Personal information
- Born: Sydney, Australia
- Height: 6 ft 6 in (1.98 m)
- Weight: 250 lb (113 kg)

Career information
- High school: Hilton Head Prep (Hilton Head, sc)
- College: Rensselaer Polytechnic Institute
- NFL draft: 2013: undrafted

Career history
- San Diego Chargers (2013)*;
- * Offseason and/or practice squad member only

= Mike Hermann (American football) =

American football player

Mike Hermann is a former American football quarterback. He played college football at Rensselaer Polytechnic Institute.
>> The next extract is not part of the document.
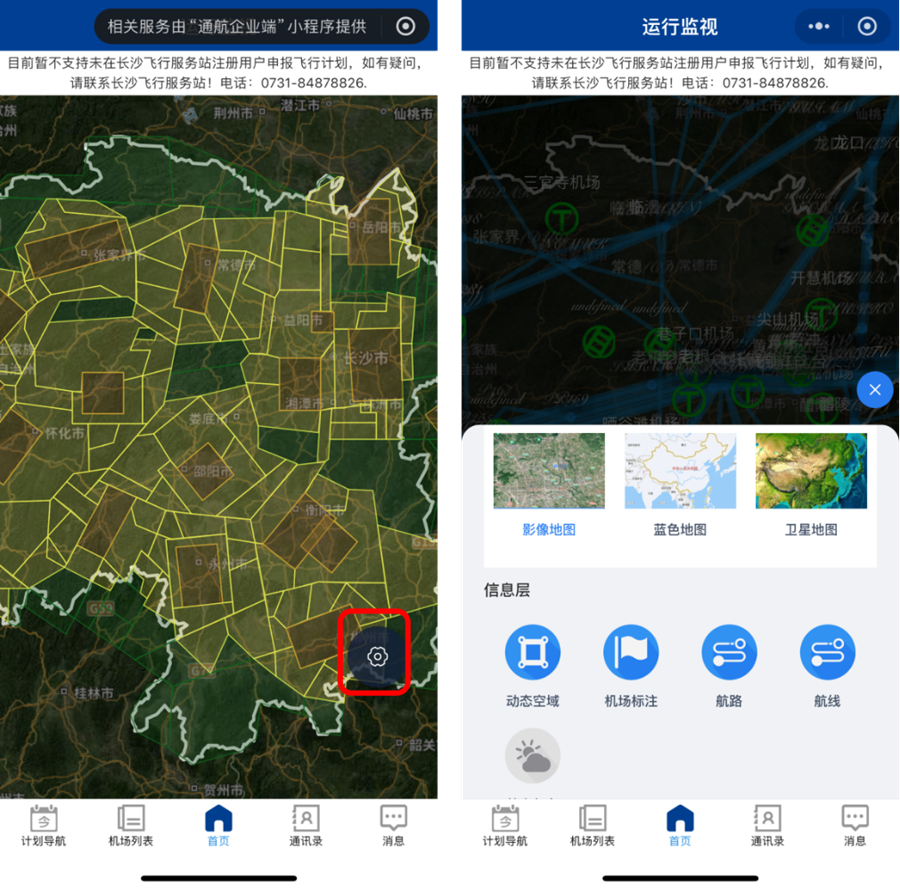 点击图示的设置按钮,可设置地图类型和信息层。选择地图是否显示动态空域、航线、航路、机场标注等信息。

==Early life and college==
Mike ( Michael Alexander) Hermann was born in Australia of an American father and a New Zealand Maori mother. He came to the United States as an infant. He was a standout at Hilton Head Prep school in basketball and football. He also attended Avon Old Farms school for his post year of high school where he played football and basketball. He attended and played for Rensselaer Polytechnic Institute from 2009 to 2013. He was named offensive player of the year of Liberty League in 2011 and 2012.

==Professional career==
On May 3, 2013, Hermann signed with the San Diego Chargers as an undrafted free agent. Hermann was later cut by the San Diego Chargers.